• _THE INPUT_:

►

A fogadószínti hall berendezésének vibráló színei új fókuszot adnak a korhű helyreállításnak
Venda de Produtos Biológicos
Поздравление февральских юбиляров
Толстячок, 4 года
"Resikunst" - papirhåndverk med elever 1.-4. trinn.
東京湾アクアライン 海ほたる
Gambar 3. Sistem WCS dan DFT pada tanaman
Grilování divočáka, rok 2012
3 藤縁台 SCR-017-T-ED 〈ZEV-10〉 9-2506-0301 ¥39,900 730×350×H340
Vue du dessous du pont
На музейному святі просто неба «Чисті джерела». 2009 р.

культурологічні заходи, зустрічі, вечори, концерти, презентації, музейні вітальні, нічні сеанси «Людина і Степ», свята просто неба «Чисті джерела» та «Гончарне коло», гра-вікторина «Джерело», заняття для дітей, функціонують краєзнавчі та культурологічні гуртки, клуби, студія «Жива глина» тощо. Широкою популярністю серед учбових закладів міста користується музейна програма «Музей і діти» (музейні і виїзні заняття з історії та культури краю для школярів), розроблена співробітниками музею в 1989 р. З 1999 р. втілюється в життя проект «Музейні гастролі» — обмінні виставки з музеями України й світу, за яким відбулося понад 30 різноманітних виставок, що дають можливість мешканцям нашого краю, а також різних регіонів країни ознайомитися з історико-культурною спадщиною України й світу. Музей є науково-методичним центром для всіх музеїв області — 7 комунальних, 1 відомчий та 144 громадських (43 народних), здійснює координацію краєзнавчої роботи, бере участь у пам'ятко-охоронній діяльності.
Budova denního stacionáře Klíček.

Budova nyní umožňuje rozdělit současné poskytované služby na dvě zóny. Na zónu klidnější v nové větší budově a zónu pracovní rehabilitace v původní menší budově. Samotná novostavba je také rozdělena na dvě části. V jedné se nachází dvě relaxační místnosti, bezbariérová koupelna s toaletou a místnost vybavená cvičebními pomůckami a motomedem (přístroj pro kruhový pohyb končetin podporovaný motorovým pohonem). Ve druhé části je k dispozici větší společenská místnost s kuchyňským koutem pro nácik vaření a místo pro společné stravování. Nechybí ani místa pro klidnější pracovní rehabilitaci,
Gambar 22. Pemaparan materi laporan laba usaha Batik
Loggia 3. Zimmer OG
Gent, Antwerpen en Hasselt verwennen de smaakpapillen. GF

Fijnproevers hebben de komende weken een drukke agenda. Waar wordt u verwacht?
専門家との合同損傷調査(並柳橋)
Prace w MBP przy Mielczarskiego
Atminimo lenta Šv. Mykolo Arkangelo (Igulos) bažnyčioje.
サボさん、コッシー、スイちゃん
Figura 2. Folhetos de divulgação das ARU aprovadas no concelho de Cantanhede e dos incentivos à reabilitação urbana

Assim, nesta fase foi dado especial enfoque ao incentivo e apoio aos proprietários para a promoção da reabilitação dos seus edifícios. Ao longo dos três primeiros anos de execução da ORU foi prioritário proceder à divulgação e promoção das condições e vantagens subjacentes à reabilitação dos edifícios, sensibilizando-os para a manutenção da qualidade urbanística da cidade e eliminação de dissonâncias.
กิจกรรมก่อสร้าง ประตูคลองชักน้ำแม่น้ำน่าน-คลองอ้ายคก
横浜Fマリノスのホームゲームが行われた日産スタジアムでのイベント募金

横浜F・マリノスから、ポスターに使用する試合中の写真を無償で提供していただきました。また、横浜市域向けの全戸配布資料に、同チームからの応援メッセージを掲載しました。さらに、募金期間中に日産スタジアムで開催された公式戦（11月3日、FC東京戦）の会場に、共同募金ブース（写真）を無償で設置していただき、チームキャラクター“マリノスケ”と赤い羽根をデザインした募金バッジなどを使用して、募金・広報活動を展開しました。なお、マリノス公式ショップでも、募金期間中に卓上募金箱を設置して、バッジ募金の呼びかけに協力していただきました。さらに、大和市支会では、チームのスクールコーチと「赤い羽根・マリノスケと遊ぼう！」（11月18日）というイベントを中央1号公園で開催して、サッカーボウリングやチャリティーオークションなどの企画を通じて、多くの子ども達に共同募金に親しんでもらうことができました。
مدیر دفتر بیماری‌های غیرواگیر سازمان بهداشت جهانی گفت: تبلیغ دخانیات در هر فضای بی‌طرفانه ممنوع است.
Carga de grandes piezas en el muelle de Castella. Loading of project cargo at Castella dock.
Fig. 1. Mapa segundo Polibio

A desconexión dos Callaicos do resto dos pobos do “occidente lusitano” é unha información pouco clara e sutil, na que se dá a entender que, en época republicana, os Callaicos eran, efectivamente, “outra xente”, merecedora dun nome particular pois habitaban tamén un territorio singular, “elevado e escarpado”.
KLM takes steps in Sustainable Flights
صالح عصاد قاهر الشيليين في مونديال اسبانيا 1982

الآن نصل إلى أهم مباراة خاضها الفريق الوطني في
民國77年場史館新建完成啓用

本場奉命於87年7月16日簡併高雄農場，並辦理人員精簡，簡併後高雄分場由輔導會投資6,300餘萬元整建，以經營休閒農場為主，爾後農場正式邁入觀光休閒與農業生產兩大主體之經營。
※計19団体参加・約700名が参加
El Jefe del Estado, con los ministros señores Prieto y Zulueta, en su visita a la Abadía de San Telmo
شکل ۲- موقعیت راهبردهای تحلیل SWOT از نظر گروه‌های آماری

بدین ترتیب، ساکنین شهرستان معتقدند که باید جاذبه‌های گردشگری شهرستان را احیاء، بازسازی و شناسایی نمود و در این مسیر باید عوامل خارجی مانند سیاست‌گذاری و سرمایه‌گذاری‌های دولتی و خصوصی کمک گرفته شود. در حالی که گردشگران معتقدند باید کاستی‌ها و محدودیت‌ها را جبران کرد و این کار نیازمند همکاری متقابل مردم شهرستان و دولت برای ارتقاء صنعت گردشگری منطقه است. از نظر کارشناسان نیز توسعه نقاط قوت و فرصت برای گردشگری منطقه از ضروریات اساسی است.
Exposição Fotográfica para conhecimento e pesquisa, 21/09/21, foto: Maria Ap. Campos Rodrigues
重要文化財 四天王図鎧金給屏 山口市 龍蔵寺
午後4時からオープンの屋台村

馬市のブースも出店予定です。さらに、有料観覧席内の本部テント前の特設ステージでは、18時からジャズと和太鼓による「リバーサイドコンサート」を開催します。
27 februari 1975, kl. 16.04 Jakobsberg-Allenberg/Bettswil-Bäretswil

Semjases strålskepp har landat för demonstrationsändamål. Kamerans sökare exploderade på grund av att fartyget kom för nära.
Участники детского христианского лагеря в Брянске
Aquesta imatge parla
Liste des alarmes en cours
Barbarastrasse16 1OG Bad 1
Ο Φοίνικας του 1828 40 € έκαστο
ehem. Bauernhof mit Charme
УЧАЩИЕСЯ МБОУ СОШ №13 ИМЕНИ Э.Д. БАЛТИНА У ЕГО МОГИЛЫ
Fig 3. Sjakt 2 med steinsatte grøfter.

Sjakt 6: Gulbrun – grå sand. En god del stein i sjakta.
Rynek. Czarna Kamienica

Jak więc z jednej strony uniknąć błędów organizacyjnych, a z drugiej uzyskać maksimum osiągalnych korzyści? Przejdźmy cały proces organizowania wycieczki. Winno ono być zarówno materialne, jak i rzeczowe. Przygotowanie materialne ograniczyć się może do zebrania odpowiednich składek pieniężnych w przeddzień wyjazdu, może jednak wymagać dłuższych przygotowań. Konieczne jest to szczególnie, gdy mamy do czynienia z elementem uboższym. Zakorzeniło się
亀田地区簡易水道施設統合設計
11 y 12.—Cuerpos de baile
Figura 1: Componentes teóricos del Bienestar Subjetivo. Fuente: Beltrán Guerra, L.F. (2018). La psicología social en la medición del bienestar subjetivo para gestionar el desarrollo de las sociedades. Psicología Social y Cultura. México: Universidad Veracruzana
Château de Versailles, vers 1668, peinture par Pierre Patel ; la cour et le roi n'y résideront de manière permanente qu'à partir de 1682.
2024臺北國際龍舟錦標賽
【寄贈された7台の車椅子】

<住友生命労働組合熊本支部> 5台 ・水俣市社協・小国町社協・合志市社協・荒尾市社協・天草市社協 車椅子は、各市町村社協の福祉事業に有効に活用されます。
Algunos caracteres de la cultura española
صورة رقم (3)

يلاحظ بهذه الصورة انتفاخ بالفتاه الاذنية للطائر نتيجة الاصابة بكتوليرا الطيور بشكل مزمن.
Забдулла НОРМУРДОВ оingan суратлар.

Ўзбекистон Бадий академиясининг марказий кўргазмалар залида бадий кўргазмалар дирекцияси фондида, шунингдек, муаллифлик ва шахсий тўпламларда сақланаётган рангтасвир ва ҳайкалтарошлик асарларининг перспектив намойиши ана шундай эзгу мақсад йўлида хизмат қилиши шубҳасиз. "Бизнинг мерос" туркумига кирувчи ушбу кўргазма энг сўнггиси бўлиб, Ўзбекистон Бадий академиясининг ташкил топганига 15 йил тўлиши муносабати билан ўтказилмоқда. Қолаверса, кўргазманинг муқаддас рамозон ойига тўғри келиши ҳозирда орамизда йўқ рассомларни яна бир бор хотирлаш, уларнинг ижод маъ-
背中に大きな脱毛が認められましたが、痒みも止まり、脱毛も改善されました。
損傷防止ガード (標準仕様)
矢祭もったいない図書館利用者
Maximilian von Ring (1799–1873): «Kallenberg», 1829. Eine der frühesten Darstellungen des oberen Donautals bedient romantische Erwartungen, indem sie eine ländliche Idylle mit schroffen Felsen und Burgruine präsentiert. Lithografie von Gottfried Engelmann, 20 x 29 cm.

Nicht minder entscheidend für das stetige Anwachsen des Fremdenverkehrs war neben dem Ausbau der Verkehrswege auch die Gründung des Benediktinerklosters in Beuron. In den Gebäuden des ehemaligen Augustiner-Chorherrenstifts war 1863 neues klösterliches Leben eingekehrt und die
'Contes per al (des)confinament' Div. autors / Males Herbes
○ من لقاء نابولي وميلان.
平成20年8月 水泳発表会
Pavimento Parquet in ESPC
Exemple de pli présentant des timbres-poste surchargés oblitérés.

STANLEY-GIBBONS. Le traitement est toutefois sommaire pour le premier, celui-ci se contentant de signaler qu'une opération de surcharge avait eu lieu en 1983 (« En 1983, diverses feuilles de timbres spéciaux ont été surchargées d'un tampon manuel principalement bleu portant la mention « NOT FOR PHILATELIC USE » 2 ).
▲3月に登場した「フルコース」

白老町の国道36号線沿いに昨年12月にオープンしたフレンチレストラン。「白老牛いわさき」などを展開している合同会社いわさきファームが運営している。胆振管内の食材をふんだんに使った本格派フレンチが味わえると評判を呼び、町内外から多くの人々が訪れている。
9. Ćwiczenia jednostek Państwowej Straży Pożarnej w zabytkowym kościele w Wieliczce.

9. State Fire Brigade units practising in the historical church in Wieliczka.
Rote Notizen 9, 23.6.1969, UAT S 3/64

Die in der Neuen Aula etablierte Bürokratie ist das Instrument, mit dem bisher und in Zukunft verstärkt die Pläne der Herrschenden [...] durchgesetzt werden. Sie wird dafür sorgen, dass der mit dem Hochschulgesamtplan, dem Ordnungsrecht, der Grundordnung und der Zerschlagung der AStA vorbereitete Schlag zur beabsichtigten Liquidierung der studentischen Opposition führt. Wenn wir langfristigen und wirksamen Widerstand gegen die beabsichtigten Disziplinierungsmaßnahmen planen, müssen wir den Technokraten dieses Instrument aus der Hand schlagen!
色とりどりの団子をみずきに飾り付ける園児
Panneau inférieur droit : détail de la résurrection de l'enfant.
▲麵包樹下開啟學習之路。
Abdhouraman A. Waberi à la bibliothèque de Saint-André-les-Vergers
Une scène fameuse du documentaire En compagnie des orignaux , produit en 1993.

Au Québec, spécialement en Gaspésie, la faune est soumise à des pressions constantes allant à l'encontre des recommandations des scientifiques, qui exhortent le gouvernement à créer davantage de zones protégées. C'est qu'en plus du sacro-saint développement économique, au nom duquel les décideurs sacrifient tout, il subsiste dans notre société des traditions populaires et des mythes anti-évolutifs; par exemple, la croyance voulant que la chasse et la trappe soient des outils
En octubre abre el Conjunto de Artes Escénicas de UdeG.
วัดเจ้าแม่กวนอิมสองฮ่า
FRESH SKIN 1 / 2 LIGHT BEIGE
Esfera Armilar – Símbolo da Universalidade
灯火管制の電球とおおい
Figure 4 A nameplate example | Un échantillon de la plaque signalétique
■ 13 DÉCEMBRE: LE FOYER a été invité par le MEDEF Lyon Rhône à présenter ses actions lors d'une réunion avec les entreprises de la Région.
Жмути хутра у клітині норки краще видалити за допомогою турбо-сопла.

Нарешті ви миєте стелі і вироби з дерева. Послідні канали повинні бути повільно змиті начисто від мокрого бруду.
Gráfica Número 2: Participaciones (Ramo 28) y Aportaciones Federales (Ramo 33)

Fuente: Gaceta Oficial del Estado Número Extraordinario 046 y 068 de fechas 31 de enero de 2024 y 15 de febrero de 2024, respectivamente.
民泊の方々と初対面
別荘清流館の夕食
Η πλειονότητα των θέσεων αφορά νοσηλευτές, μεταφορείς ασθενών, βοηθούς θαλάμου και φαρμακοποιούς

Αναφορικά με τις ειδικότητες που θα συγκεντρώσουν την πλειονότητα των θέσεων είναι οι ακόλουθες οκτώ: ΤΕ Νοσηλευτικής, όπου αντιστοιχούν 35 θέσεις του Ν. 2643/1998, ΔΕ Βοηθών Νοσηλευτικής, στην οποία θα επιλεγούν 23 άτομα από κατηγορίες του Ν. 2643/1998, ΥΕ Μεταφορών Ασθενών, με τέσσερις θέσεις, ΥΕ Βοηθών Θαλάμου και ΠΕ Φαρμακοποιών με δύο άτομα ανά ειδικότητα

◄

• _TASK STATEMENT_: Every line from the top of the material above through the line holding "На музейному святі" should be reproduced word for word, and nothing beyond it.

• _FINISHED EXERCISE_:
A fogadószínti hall berendezésének vibráló színei új fókuszot adnak a korhű helyreállításnak
Venda de Produtos Biológicos
Поздравление февральских юбиляров
Толстячок, 4 года
"Resikunst" - papirhåndverk med elever 1.-4. trinn.
東京湾アクアライン 海ほたる
Gambar 3. Sistem WCS dan DFT pada tanaman
Grilování divočáka, rok 2012
3 藤縁台 SCR-017-T-ED 〈ZEV-10〉 9-2506-0301 ¥39,900 730×350×H340
Vue du dessous du pont
На музейному святі просто неба «Чисті джерела». 2009 р.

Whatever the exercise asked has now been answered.